Basically, we have no idea where we will get the AI source code we can actually do something with, but we have some reason to believe that the most concise version of the source code won't contain more data than the human genome.

The rough intuition might be if we wanted to simulate brain in the caricatured reverse-engineer-the-DNA way, we'd need an impossible computer that could simulate years worth of exact quantum-level physics in a cubic meter of space, but the human DNA and basic cellular machinery for hosting it would be the only seriously difficult bits to stick in there, the rest would just be simple chemicals and the impossibly detailed physics simulation.

I guess the analogy then is that we make the AI source code (which we don't know how to write yet), which is supposed to end up at most around the length of a human DNA, but which can run sensibly in existing hardware. Then, deterministic processing entirely unlike the immensely difficult-to-compute protein folding from DNA will make this code instantiate a working AI somewhere at the level of a newborn human baby, in the same way as the genome initiates protein-folding based processes that makes a single cell grow into a human baby given little more than nutrients and shelter from the external physical environment.

So it doesn't seem like a really strong statement of overoptimism. It's basically just saying that the human brain doesn't seem to require a mystifyingly immense amount of initial information to form, but instead something that can be quantified and very roughly compared with already existing software projects. I'd still guess it might take a little more than the ten years to come up with any sensible code with hope of growing into an AI though.




The argument Myers is making is that while the DNA might be the input to the system, the total amount of data in the system is that input plus the rules around how that input is interpreted/works. Those rules (for example around protein folding) are currently encoded in biological systems as the laws of physics, more or less, but they're insanely complicated and currently unknown.

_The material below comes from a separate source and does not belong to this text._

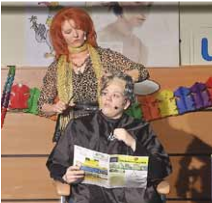
Beim Friseur - die Verwechslung

Stunden mit großem Aufwand, aber auch Zusammenhalt dieses erfolgreiche Projekt auf die Beine gestellt. Schon bei den Proben gab es so viel Spaß, dass alle versicherten, wieder

So the point is that perhaps if you had a system that simulated all of the laws of physics exactly correctly such that proteins folded and interacted exactly right, only then could you get away with an amount of input equivalent to the amount of information encoded in the part of our DNA related to the brain.

Actually encoding those rules is probably the harder part of the problem, and could easily take several orders of magnitude more work. (10x? 1,000,000x? Who even knows).


1) An estimate of complexity is what it is - an estimate of complexity. It's not a claim that the way to achieve AI is to figure out the details of the particular encoding that nature ended up using, so the precise nature of those rules is not something we care about.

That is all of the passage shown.